Alta Journal is pleased to present the final installment of a five-part original series by historian and longtime Alta contributor William Francis Deverell. The twisty, suspenseful story of the disappearance of Deverell’s great-uncle Francis, it begins in snowy upstate New York before moving to Europe and Los Angeles. As Deverell searches for his missing namesake, he discovers more than he bargained for.
In Part Four, Deverell tracked down Harry Wheeler, the man once known as John Francis Daly.Harry Wheeler’s granddaughter, Kathleen Hoffer, whose father was Eugene (the older boy in the above picture), has helped me immeasurably in my search for the man my family knew as Francis. Across a range of email conversations, Kathleen, my father’s newfound cousin, has provided me with Wheeler family information and essentially told me that she and her kin always wondered why Grandpa Harry did not have much of a “backstory.” Kathleen, her siblings, and Wheeler cousins are kin that my dad never got the chance to meet.
I will go to a meeting of historians of the American West in the fall. It will be held where Kathleen lives, and we are excited to meet for the first time in person. I will thank her for how much she has helped me and my dad get to know Francis as Harry and to realize that they were the same man.
Is there a family that doesn’t have a Francis in its tree?
Of course not. Sifting through the scattered details of Francis’s double life, I’m not sure if this is the story of one family and the son who escaped them or something larger, a story of a brutal world war and one frontline cook’s attempt to put himself as far away from that experience as possible. Was Francis shrugging off the Daly family a selfish act?

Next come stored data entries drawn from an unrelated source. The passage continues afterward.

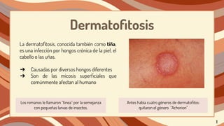 El documento aborda la dermatofitosis, una infección fúngica crónica de la piel, el cabello o las uñas, causada por hongos del género Trichophyton, Microsporum y Epidermophyton. Se detallan las características de diferentes tipos de dermatofitos, las patologías que causan, así como sus modos de transmisión, diagnóstico y tratamiento. Además, se incluye un caso clínico que ilustra una infección facial y su tratamiento efectivo con ketoconazol.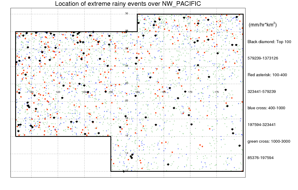 Following figure shows the location of the precipitation feautres categorized by the volumetric rainfall.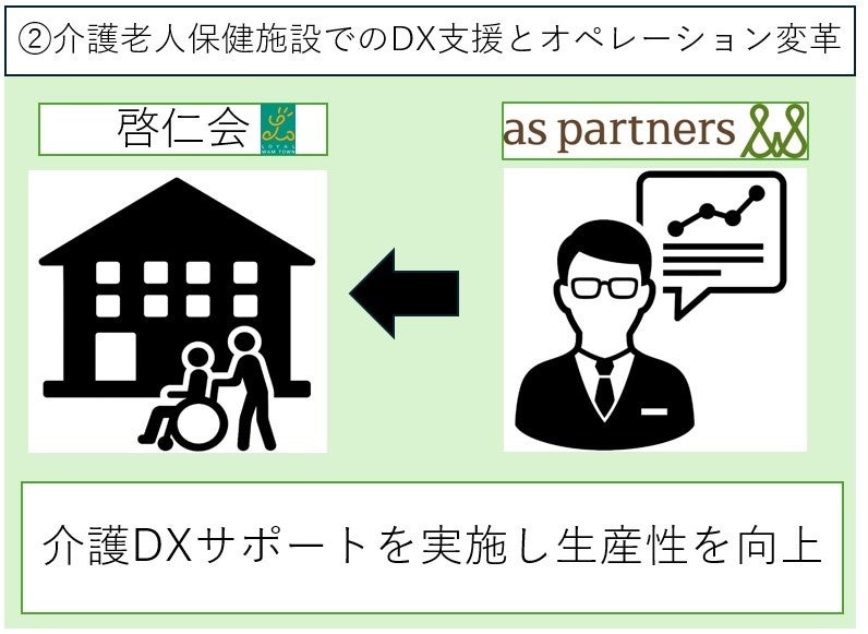 アズパートナーズは、令和6年度より全国で介護DXサポート事業を実施しています。啓仁会が運営する介護老人保健施設「いとうの杜」では、すでにアズパートナーズの介護DXサポート事業を導入し、理事長からも「夜間業務を約70%削減。職員の安心につながる取り組み」と評価いただき、今後は啓仁会内の他施設への導入を進めていく予定です。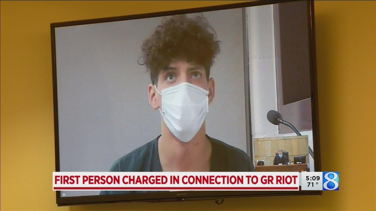 https://wwmt.com/news/local/18-year-old-gobles-man-charged-with-felony-rioting-after-violent-grand-rapids-weekend https://twitter.com/Mkrafcik/status/1267508126439419912 charged with rioting, along with larceny in a building, a four-year felony, and destruction of property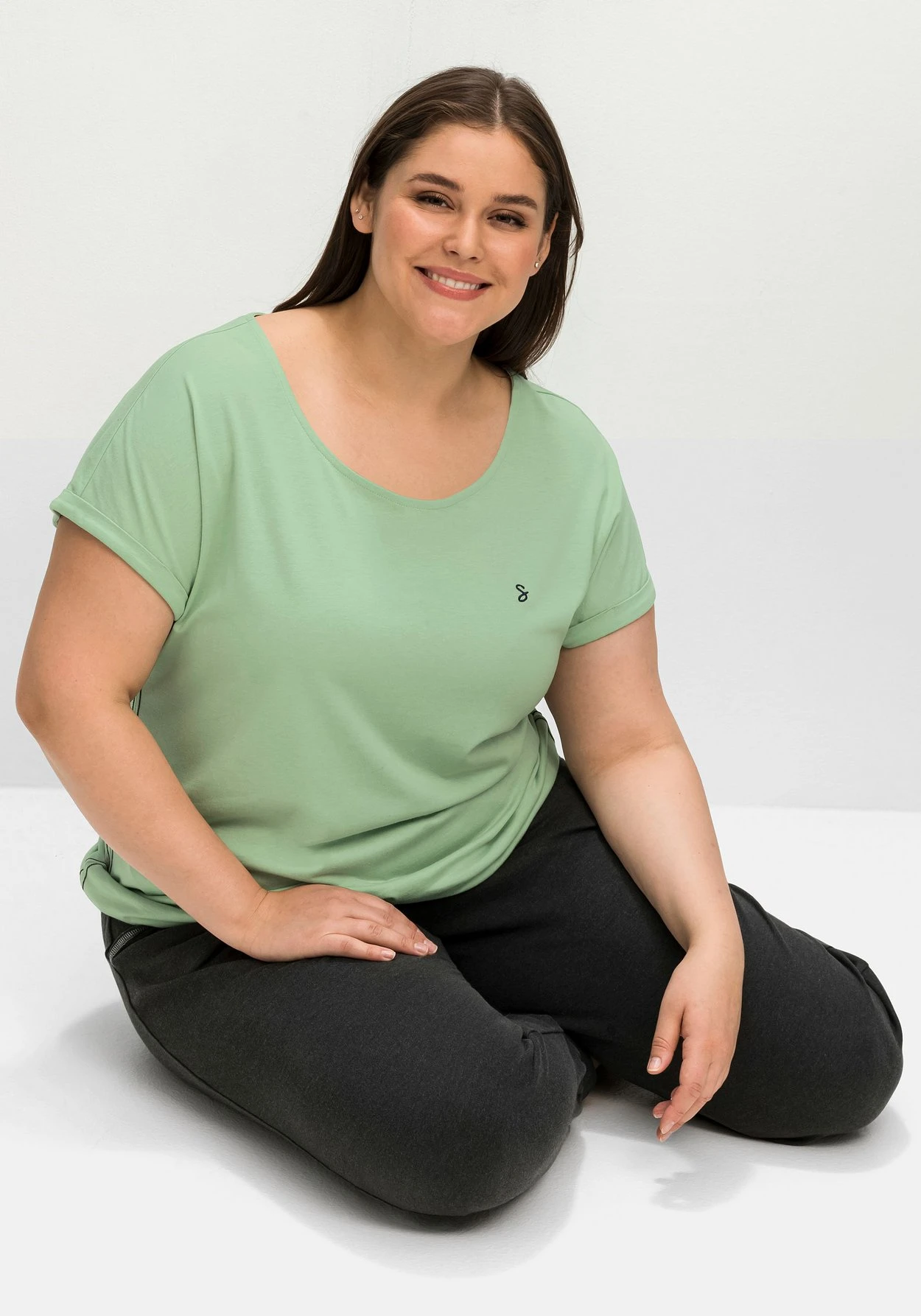Die weiche Interlockqualität aus hautfreundlichem Baumwoll-Mix zeichnet sich besonders durch ihre Formstabilität aus. Die Anti-Pilling-Ausrüstung verhindert Knötchen- und Fusselbildung. Gleichzeitig unterstützt du mit dem Kauf die Arbeit von „Cotton made in Africa“. Die Initiative leistet Hilfe zur Selbsthilfe durch Handel und will so die Lebensbedingungen afrikanischer Kleinbauern nachhaltig verbessern. sheego cares!
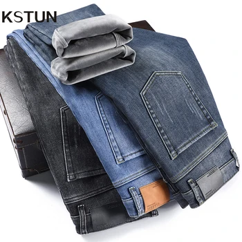KSTUN 2025 Winter Jeans For Men Fleece Warmer Jeans Straight Stretch Business Casual Men’s Trousers Denim Pants Thick Streetwear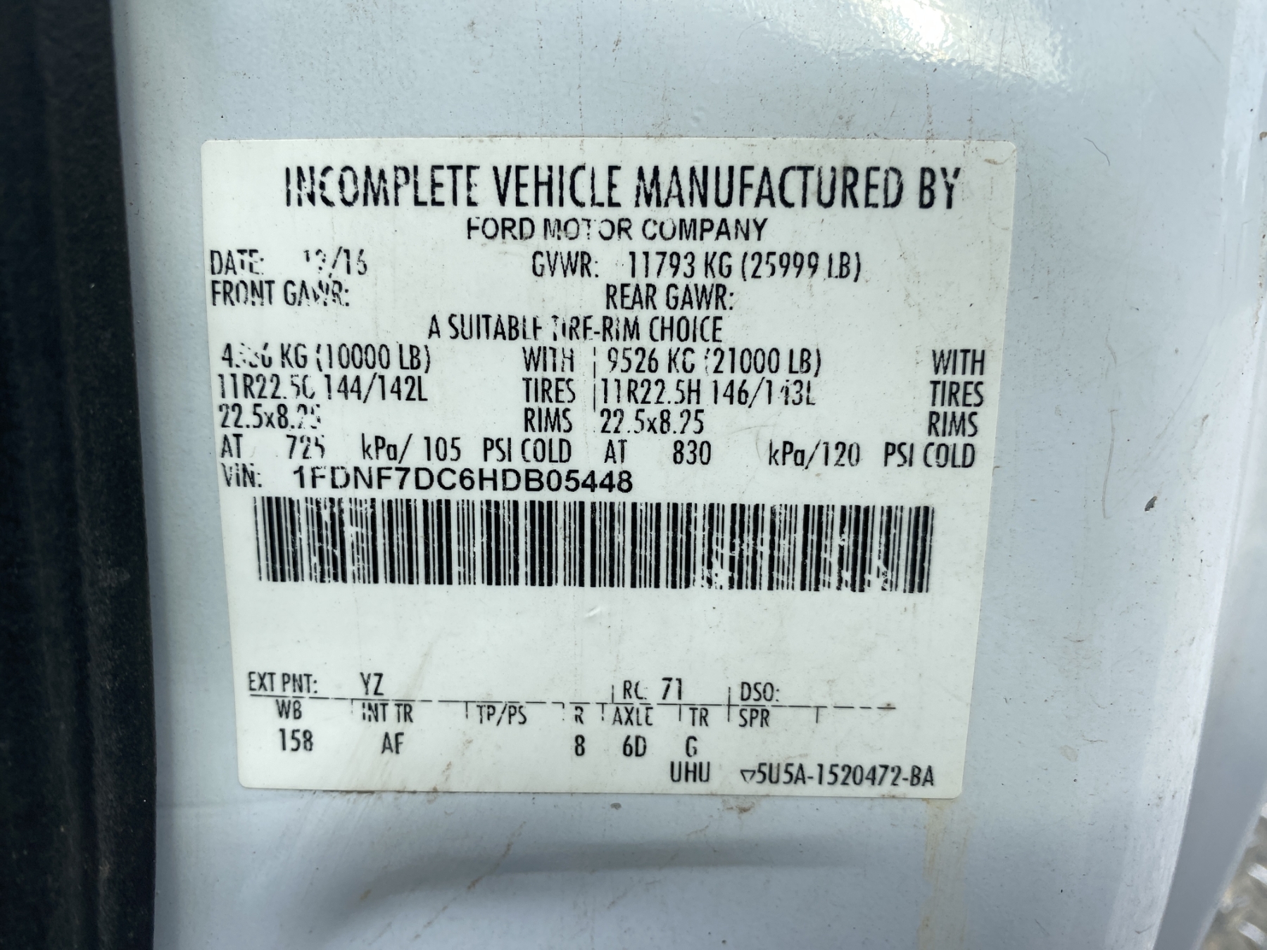 Vehicle ID Number: 1FDNF7DC6HDB05448

Maybe, but if he’d stayed in Rochester, there would be no Wheeler family.
In the end, my thoughts return to that attic on Devon Road. Reflecting on that boyhood marked by loss and sadness, I smile when I think of my dad in that doughboy uniform, charging left and right at unseen wartime enemies up in the eaves of that small house. Of course, he could have done just the same had Francis stayed, he could have played soldier with Francis, but knowing what his namesake experienced, that seems unlikely. (I doubt many World War I veterans played much soldier after coming home.) It made my dad happy to see Francis, even if he had become Harry, put back on the family tree. My father didn’t live long enough to learn as much as I did about Harry, but he knew we’d found his long-lost uncle. I’m sad that I lost Dad before he’d gotten more of Francis—and, honestly, that I’d gotten more of him—but I’m glad that the journey led me to relations I never would have otherwise known about, much less had the chance to meet face-to-face. And it makes me smile to think of my dad asking for my help in that.
I think Francis, before he became Harry, felt caught between the traumatic poles of a horrible war and the strictures of the Catholic Church. That looks to me like desperation. As Harry Wheeler, I think he tried to forget. But we can see even in the names he chose for his children that he could not, that he did not.
My father’s sister Jean once told me something that I cannot shake. When I told her, not long before she died, that we had found Francis, her eyes lit up. “When I was a very little girl,” she said, “my mother took the two of us”—my dad was not yet born—“on a long train ride to California. We were so excited. Mother told us that we were going to meet someone.”
It had to have been Francis.
Or, as he was then known, Harry. And this would explain why the Wheelers had a faded photograph of Jean and Peg as little girls. Oh, to have been there. I imagine Helen and the two girls getting off the train in Pasadena (Union Station was still years off), which would have put them in walking distance to the 1923 home where I live with my wife and our two children, Helen and John. What did Harry show them of California in 1930? What stories did he share with my mother when the girls were out of earshot? More questions; more mysteries.
One of the disappointments of being a historian is that even if you find the right documents, pin down the data, and lock in the dates, you can never truly bring back the past. It’s just educated guesswork with fragments of information, and you learn to make your peace with that. But if I had a time machine, I could go back to Harry Wheeler’s home, the one that is so close to where I live today, and knock on his door. “I’m William Francis, your great-nephew,” I’d say. “Who are you?”
As it is, I’ll never know.
Recently, I drove 30 miles east from our home with my son, John. We went to a cemetery we’d never been to in Rowland Heights, to a neighborhood unknown to us. I checked in at the office, asked if there was a directory. The staff was very helpful.
It took 15 minutes to find him, give or take 103 years. Francis Daly had finally stopped running; he now rests in the grave of Harry Wheeler.
A coda:
I also found Katherine, Francis’s first wife. She married again, in the mid-1920s, after her marriage to Francis had been dissolved in court. Francis was listed as having disappeared since 1919, whereabouts unknown. She married an auto mechanic named Myron Russell.
Katherine and Myron lived four blocks from where my father was then in high school. In 1946, Katherine was hit by a jeep driven by a man improbably named Francis in a tiny town outside Rochester. She died two days later, and her husband settled a $6,000 wrongful-death suit with the driver.
Another rhyme: Katherine and Myron had one child. They named him Harry.
This completes our five-part serialization of “Finding Francis.”